# Untamed cockatiel



## kmlepri (May 16, 2013)

Peaches, my 4 year old pied cockatiel, was not tamed when I bought her. She still is not tamed, as I was younger and had no idea how to train her. She is still a very good bird... She will come on my hand when it's time to go in the cage and occasionally she will come on my computer or shoulder. Whenever I try to talk to her, however, she hisses at me or her head shakes rather violently. Is this a normal untamed cockatiel behavior? Part of me just wonders if she has sensitive hearing and doesn't like when I get too close to talk to her because she doesn't seem to mind being near me.


----------



## tielfan (Aug 31, 2008)

I think some birds do have sensitive hearing, or at least a sensitivity to certain voices or pitches. My birds will sometimes twitch their heads when I talk to them.

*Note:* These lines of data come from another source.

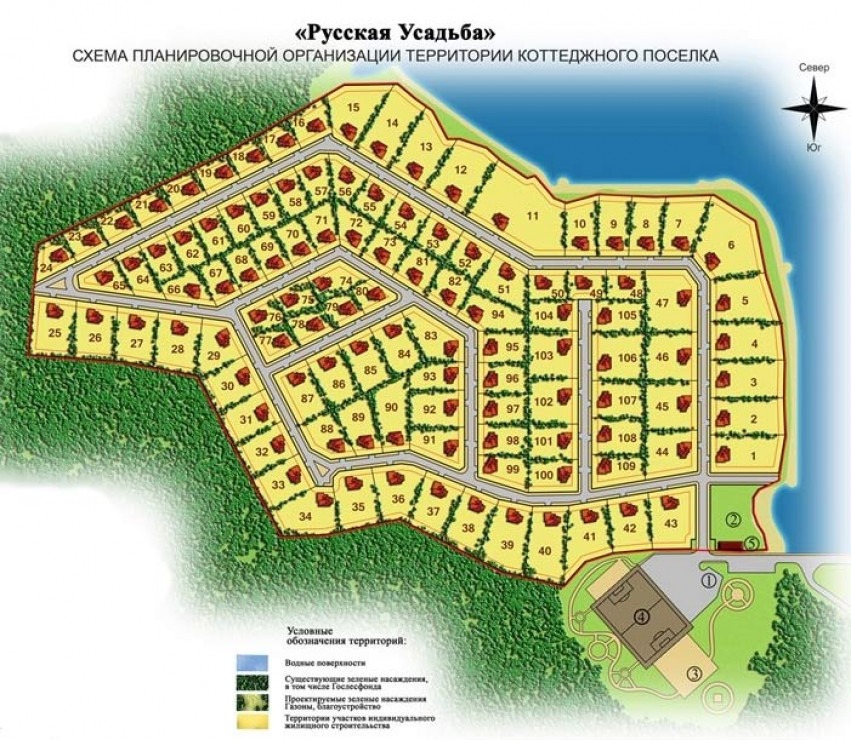 Коттеджный поселок занимает 18,5 га. Эта территория разделена на 99 участков от 8 до 27 соток.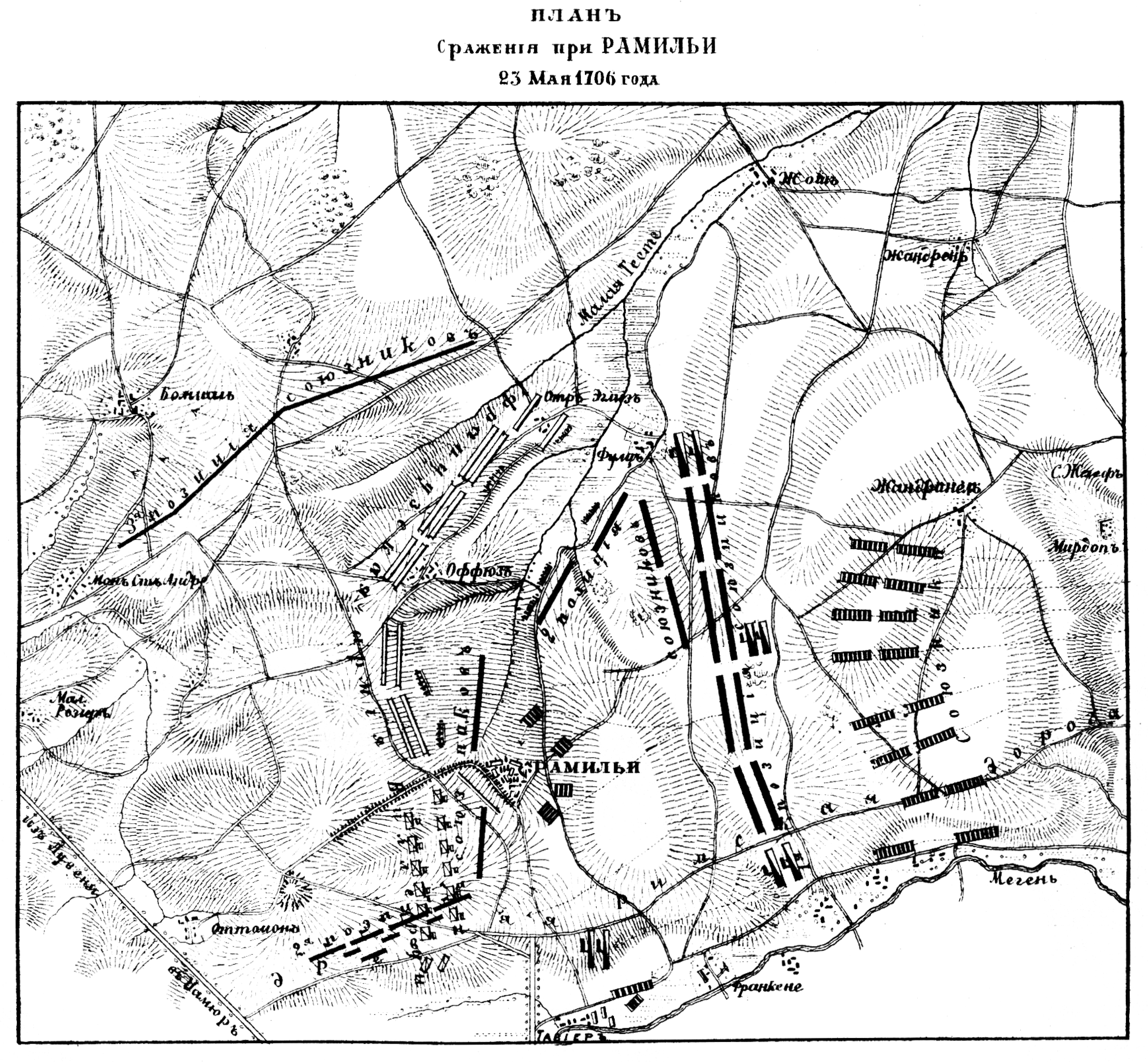 Карта-схема битвы при Фрауштадте, 13 (3) февраля 1706 года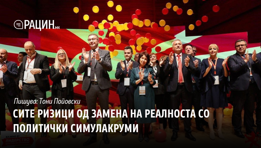 Преведено во термини на современата политика, политичкиот симулакрум се однесува на манипулација со слики, симболи или наративи за да се обликува јавната перцепција, да се контролира дискурсот и да се освои и задржи политичката моќ. Визуелизацијата на политичката кампања, гестовите и говорите целат кон масовна прифатливост и осигурување поддршка за кандидатите, нивната личност и наратив, проследено со пропаганда и спинови со цел да се изманипулира јавното мислење во сопствена полза. Како што може да согледаме и во македонската изборна стварност, овој пристап вклучува ширење на погрешни информации, врамување прашања на тенденциозен начин или користење на нагласено емоционални повици за да се обликуваат наклонети чувства на јавноста и избирачите. Истовремено, со новите дигитални техологии и социјалните медиуми, создадена е овозможувачка околина за пласирање на ефективни политички симулакруми. Вратата за дезинформации и лажни вести е целосно отворена и создадени се ехо комори каде што поединците се изложени само на информации што ги зајакнуваат нивните постоечки верувања.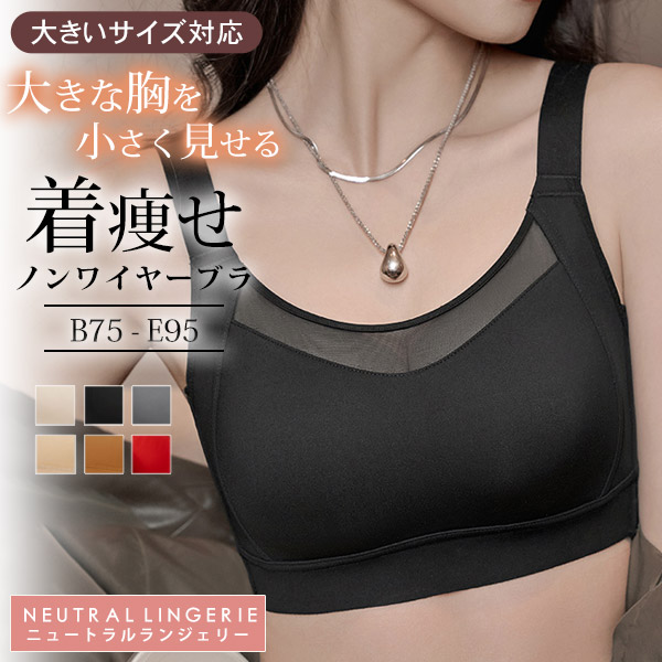 ノンワイヤー ブラ インナー レディース 補正下着 胸を小さく見せる 着痩せ 大きいサイズ 通気性 蒸れない 脇高 ブラジャー 大きな胸 送料無料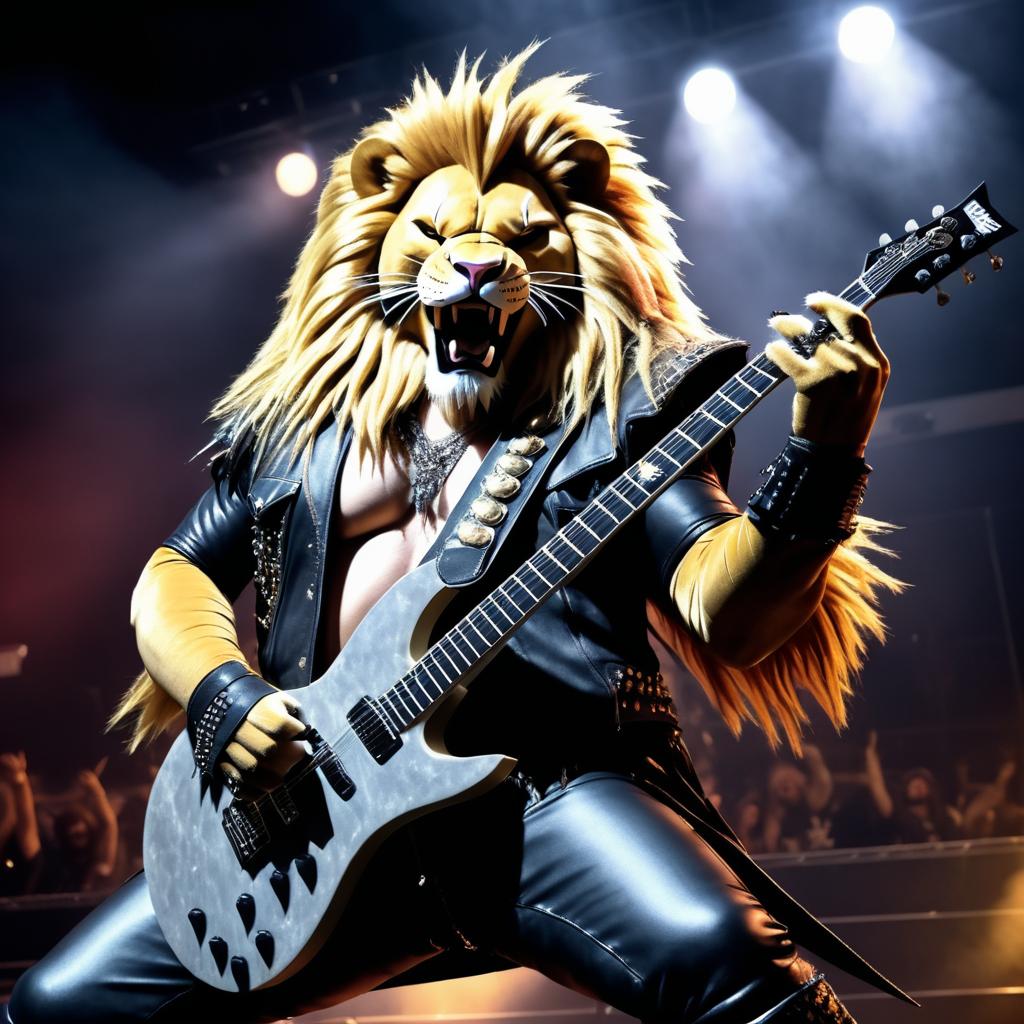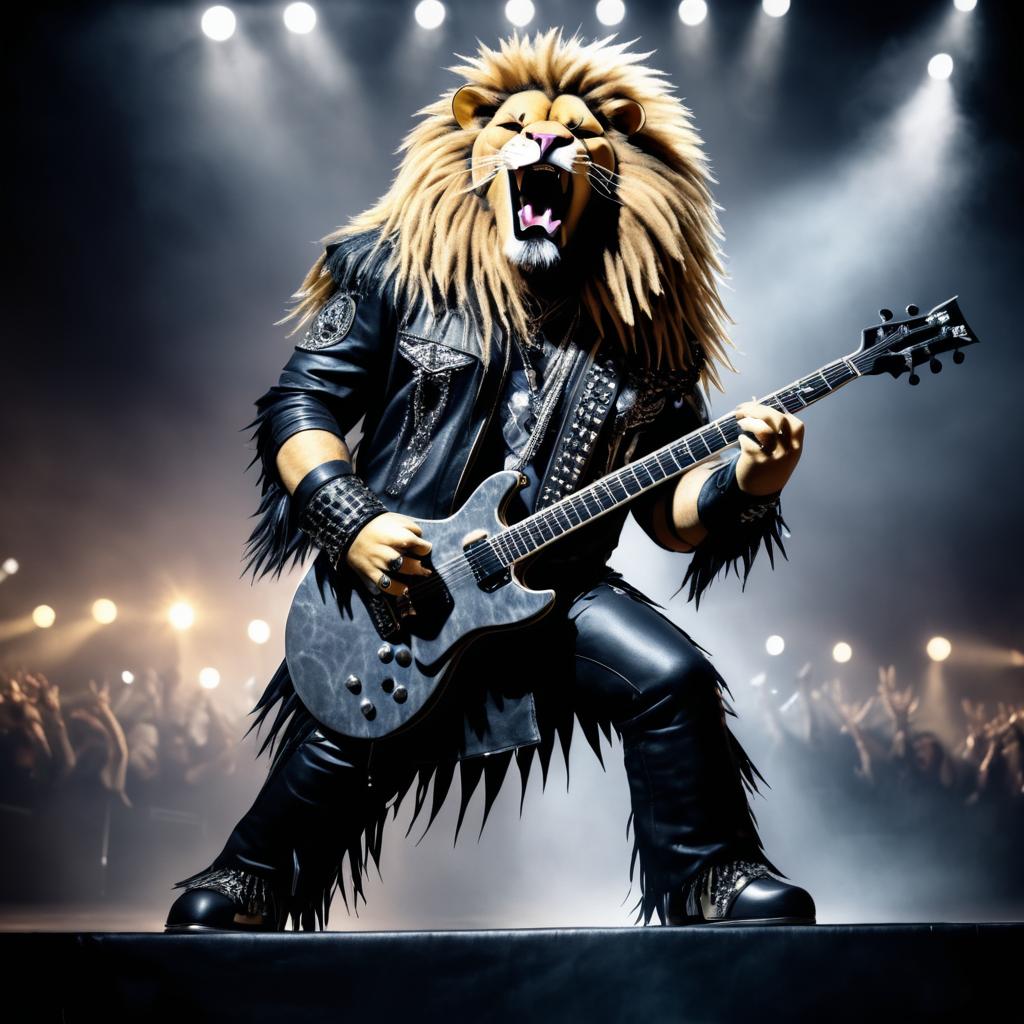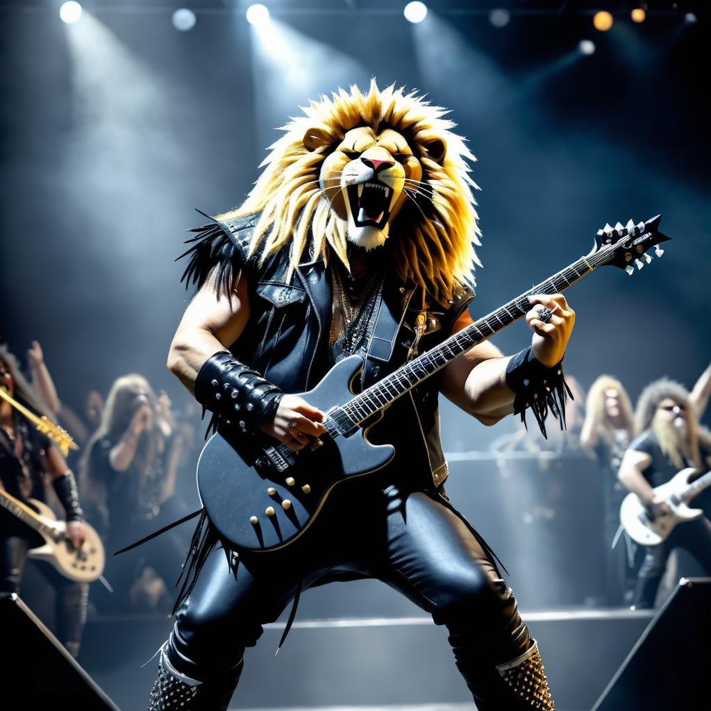 Anthropomorphic lion dressed as a heavy metal rock star, playing guitar on stage before a headbanging crowd, dark and photorealistic.

The hissing when you talk is unusual though. It makes me wonder if your voice is bothering her a lot. You could try talking to her more quietly, or intentionally change the pitch of your voice to be less shrill (or any other tone factor that might be bothering her). 

If she's stepping up sometimes and voluntarily coming on your shoulder then some people would say she IS tame. But it's never too late to make improvements, and you could probably make some progress using food bribery: http://talkcockatiels.com/showthread.php?t=28661


----------